Entries provided:
══════

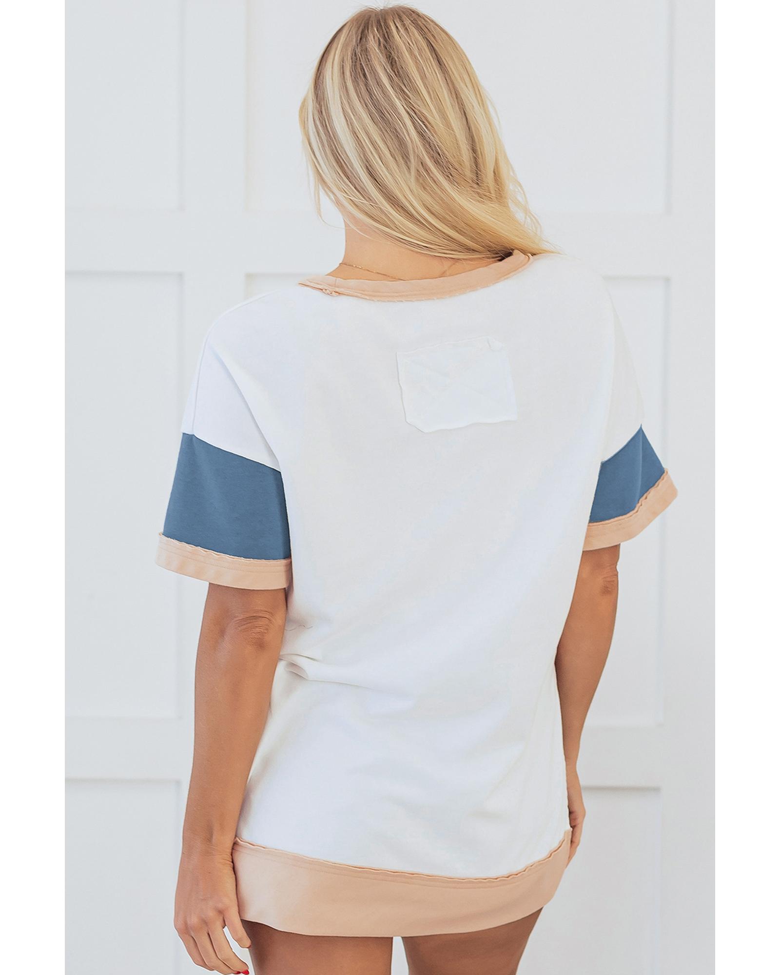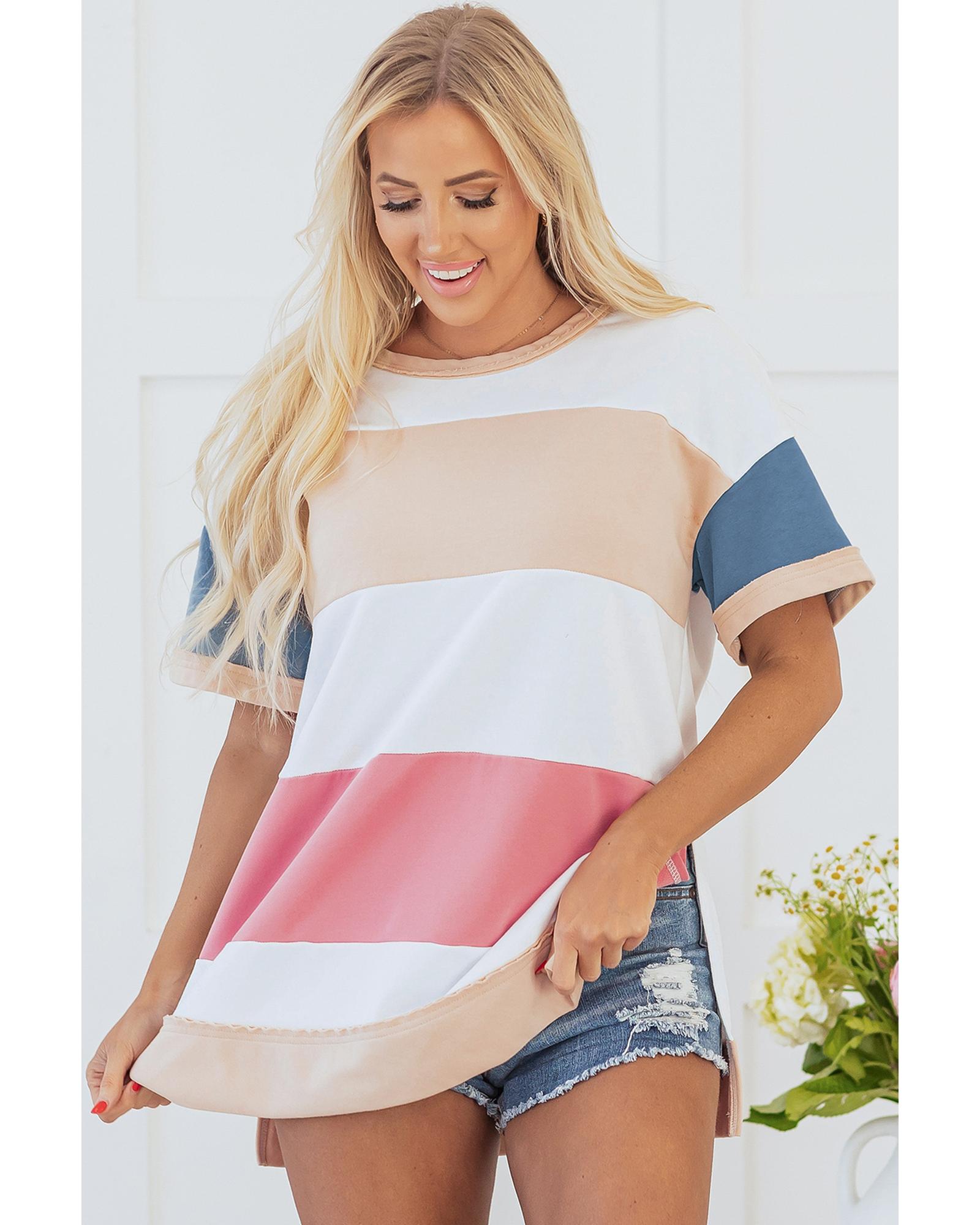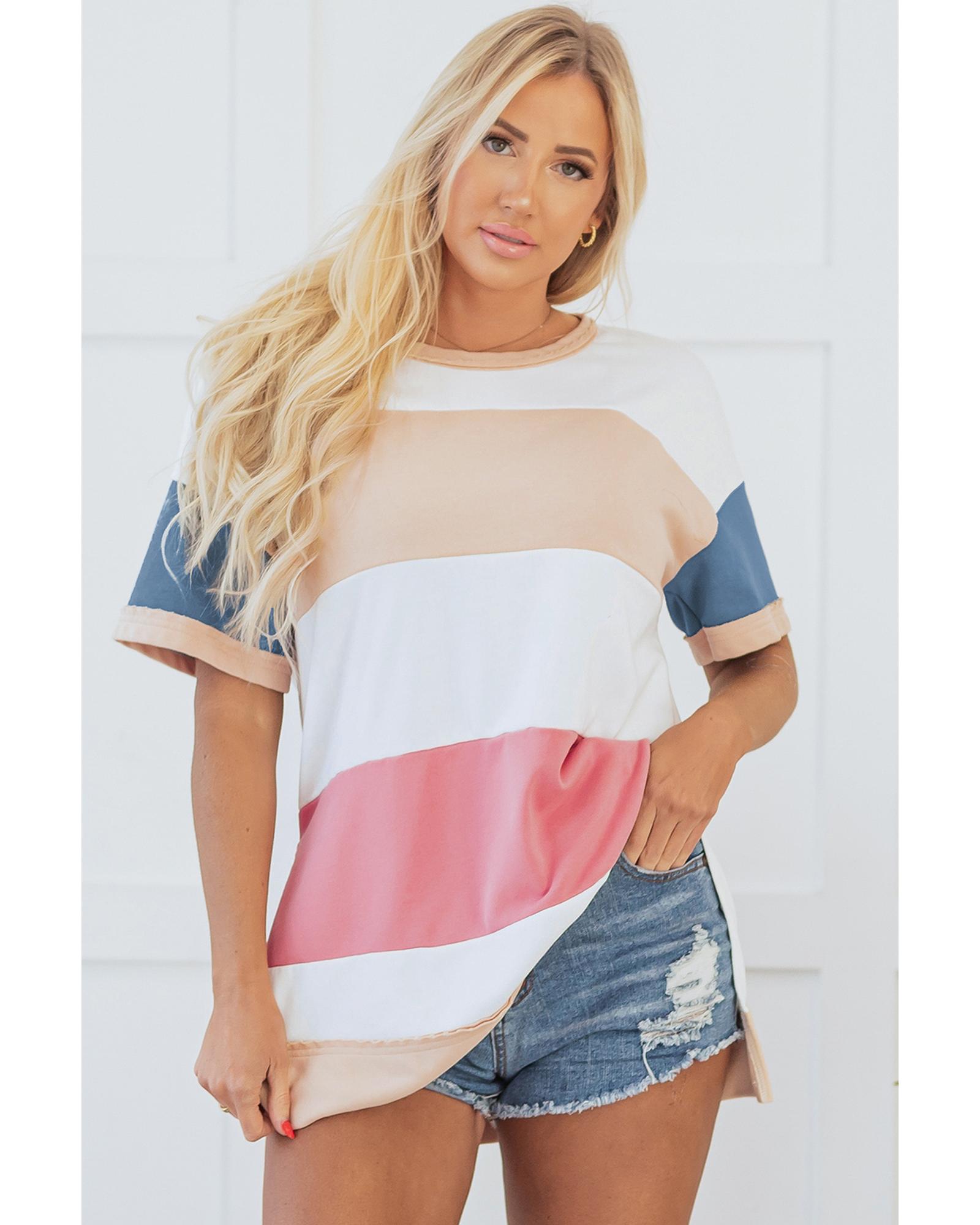 Multicolour Colorblock Patchwork Side Split Tunic T Shirt – M
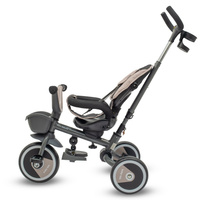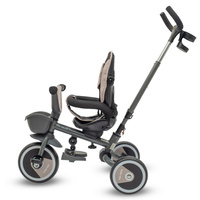 Detská šliapacia trojkolka Baby Mix 5v1 RELAX je multifunkčný dopravný prostriedok, je typickým príkladom produktov GROW UP - rastie zároveň s dieťaťom. Trojkolku môže ovládať ako dieťa, tak aj rodič pomocou nastaviteľnej vodiacej tyče. Po odobratí vodiacej tyče, sklápacej striešky, ktorá chráni pred slnkom alebo ostatných komponentov bude slúžiť ako trojkolka. Má moderný konštrukciu, pohodlné a ergonomicky tvarované sedadlo, ktoré je posuvné a otočné o 360 stupňov, čo umožní dieťaťu cestovať v smere alebo proti smeru jazdy. Je vyrobená z kvalitných a odolných materiálov a skladacia konštrukcia umožňuje bezproblémovú prepravu trojkolky napríklad v kufri auta. Jej skladanie je veľmi jednoduché, intuitívne a nevyžaduje žiadne náradie. O pohodlie a bezpečie počas jazdy sa stará odnímateľná hrazda, päťbodové bezpečnostné pásy, pohodlné stúpačky alebo kolesá vyrobené z tvrdenej peny EVA, ktoré skvele absorbujú nárazy, poskytujú perfektnú priľnavosť a nevyžadujú hustenie. Pre uloženie hračiek alebo potrieb pre dieťa je tu praktický úložný košík.
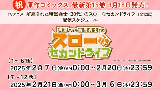 累計発行部数200万部突破の人気マンガ「解雇された暗黒兵士(30代)のスローなセカンドライフ」の最新第15巻が3月18日より発売予定!これを記念して、講談社が運営するYouTubeチャンネル「フル☆アニメTV」にて、TVアニメ「解雇された暗黒兵士(30代)のスローなセカンドライフ」全12話を期間限定で順次無料公開いたします。【第1話~第6話】を本日2月7日から2月20日まで、【第7話~第12話】を2月21日から3月6日までの期間限定配信となりますので、ぜひ原作コミックスと一緒にお楽しみください!
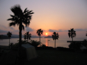 5:30。昨夜早く寝たので目が覚めてしまった。おかげでちょうど遠くの島から上る綺麗な朝日を見ることができた。やっぱりここに来たら絶対に見なきゃね。あぁ〜今日は快晴の予感。
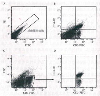雖然死細(xì)胞位于散點(diǎn)圖的對(duì)角線上,但是對(duì)角線上的細(xì)胞確不一定是死細(xì)胞,因?yàn)殡p陽(yáng)性細(xì)胞如果在x軸和y軸的熒光信號(hào)相似時(shí),也可以位于對(duì)角線上。所以,散點(diǎn)圖對(duì)角線上的細(xì)胞可能是死細(xì)胞,也可能是雙陽(yáng)性細(xì)胞。如圖1-B所示,樣本細(xì)胞為正常小鼠脾臟細(xì)胞,標(biāo)記 FITC-抗CD3抗體和PE-抗CD4抗體,F(xiàn)ITC和PE雙陽(yáng)性的CD4 T細(xì)胞和死細(xì)胞混在一起,無(wú)法區(qū)分。但是死細(xì)胞和雙陽(yáng)性細(xì)胞的形狀是不一樣的,死細(xì)胞呈現(xiàn)連續(xù)的線型分布,而雙陽(yáng)性細(xì)胞群呈現(xiàn)圓形的群體分布,因此,可以從對(duì)角線上的細(xì)胞群體的形狀大致判斷細(xì)胞的性質(zhì)。雖然不能根據(jù)熒光強(qiáng)度的強(qiáng)弱來(lái)區(qū)分該熒光信號(hào)是來(lái)自于死細(xì)胞的非特異性熒光還是來(lái)自熒光素產(chǎn)生的熒光,但是可以利用在散點(diǎn)圖上死細(xì)胞位于對(duì)角線的特點(diǎn)來(lái)區(qū)分死細(xì)胞和陽(yáng)性活細(xì)胞。如圖1-C所示,x軸表示FITC通道(樣本細(xì)胞標(biāo)記有FITC-抗CD3抗體),y軸表示APC通道(閑置通道),借用該散點(diǎn)圖可以明確區(qū)分圖1-B中無(wú)法區(qū)分的死細(xì)胞和雙陽(yáng)性細(xì)胞。此時(shí)只需要將排除了死細(xì)胞后的CD3 T細(xì)胞設(shè)門(mén),將門(mén)內(nèi)的細(xì)胞顯示于新的FITC-PE散點(diǎn)圖中,如圖1-D,此時(shí)該散點(diǎn)圖內(nèi)的細(xì)胞都是活細(xì)胞,因?yàn)闃颖炯?xì)胞同時(shí)標(biāo)記有PE-抗CD4抗體,所以圖中的細(xì)胞明顯分為兩群,雙陽(yáng)性的是CD4T細(xì)胞,單陽(yáng)性的是CD8 T細(xì)胞。
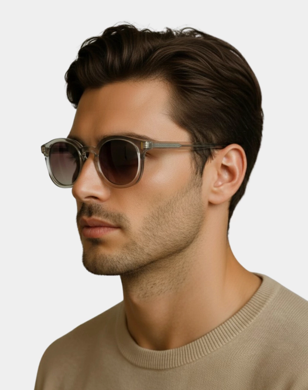 Este óculos de sol, fabricado em acetato com agulha metálica embutida nas hastes, revelando um delicado detalhe brilhoso que capta a luz com sutileza e sofisticação. Disponível em três cores, preto com frontal em degradê animal print, bege translúcido, e cinza escuro translúcido. As lentes em policarbonato com proteção UV400 são polarizadas, oferecendo conforto visual e proteção total contra os raios solares UVA e UVB, além de deixar a visão mais nítida.
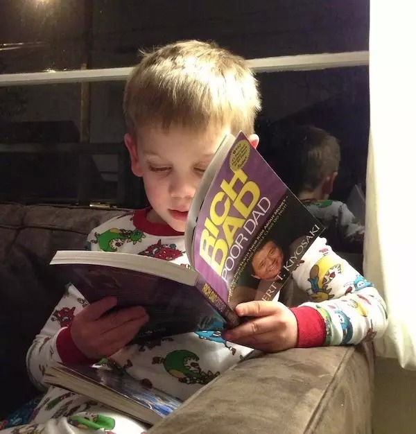 ▲Liam在看《富爸爸和穷爸爸》
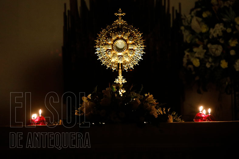 Fue cuando un sacerdote expuso al Señor en una Custodia y se apagaron las luces de la iglesia. Primera canción y un templo que tuvo que dejar abiertas las puertas del fondo porque no se cabía ni en los bancos, ni en los pasillos ni en la entrada.
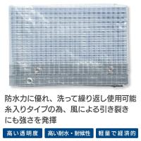 【特徴】高い透明度のビニールシートです。雨や風から荷物などを守ります。明るさを保ち、中を見通したい用途に最適です。糸入りで裂けにくく、耐水・対候性に優れているため、屋外でのご使用もおすすめです。軽量で丈夫ながら、経済的です。
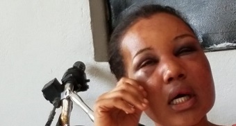 Jazmín Santos denunció que fue al hospital local, donde la inyectaron pero que ni siquiera una receta le indicaron, a pesar de los golpes que presenta en distintas partes del cuerpo, que según dice se los propinó su esposo Fernando Jiménez.
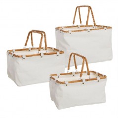 Cesta natural de color blanco con detalles y dos asas de madera. Diferentes modelos disponibles.
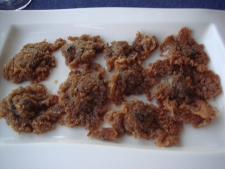 Pour les cigales au goût très pur, fait d’une mâche intense et d’une fraîcheur presque mentholée, c’est un Bastor-Lamontagne, sauternes 1995 que j’ai apporté. Bu seul, ce sont le caramel et le pain d’épices qui dominent. Avec la cigale, la continuité est assez spectaculaire. Et comme avec l’Yquem d’un essai récent, ce qui frappe, c’est qu’au-delà de la continuité, le sauternes respecte la chair de la cigale qui reste présente en bouche, sans aucune altération. La mise en valeur est concluante.
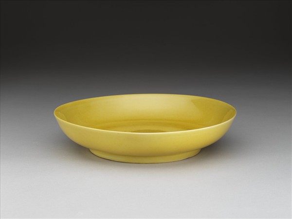 敞口,淺壁弧形,矮圈足。器內外壁滿施嬌黃釉,盤底純白,樸素無紋飾。底有青花書「大明弘治年製」六字二行楷款,外加雙圈。
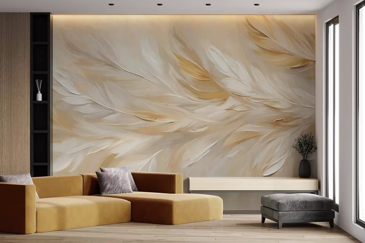 Fototapetai Baltos ir smėlio spalvos plunksnos, sudėtos į tekantį raštą, minkšta tekstūra, šilta spalvų paletė, abstraktus fonas Nr. w09191
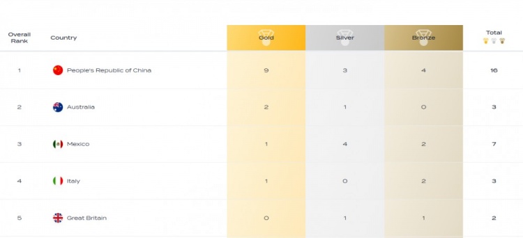 在13个项目的争夺中,中国队夺得9个项目的冠军,其中有6个项目为奥运项目。在混双三米板、女子跳水1米板、男子3米板和男子10米台项目上,没有夺得冠军。

══════

About this task:
Above are the records; return the lines in them from the one with "Cesta natural de" to the one with "Fototapetai Baltos ir", inclusive, exactly and without images.

Task solution:
 Cesta natural de color blanco con detalles y dos asas de madera. Diferentes modelos disponibles.
 Pour les cigales au goût très pur, fait d’une mâche intense et d’une fraîcheur presque mentholée, c’est un Bastor-Lamontagne, sauternes 1995 que j’ai apporté. Bu seul, ce sont le caramel et le pain d’épices qui dominent. Avec la cigale, la continuité est assez spectaculaire. Et comme avec l’Yquem d’un essai récent, ce qui frappe, c’est qu’au-delà de la continuité, le sauternes respecte la chair de la cigale qui reste présente en bouche, sans aucune altération. La mise en valeur est concluante.
 敞口,淺壁弧形,矮圈足。器內外壁滿施嬌黃釉,盤底純白,樸素無紋飾。底有青花書「大明弘治年製」六字二行楷款,外加雙圈。
 Fototapetai Baltos ir smėlio spalvos plunksnos, sudėtos į tekantį raštą, minkšta tekstūra, šilta spalvų paletė, abstraktus fonas Nr. w09191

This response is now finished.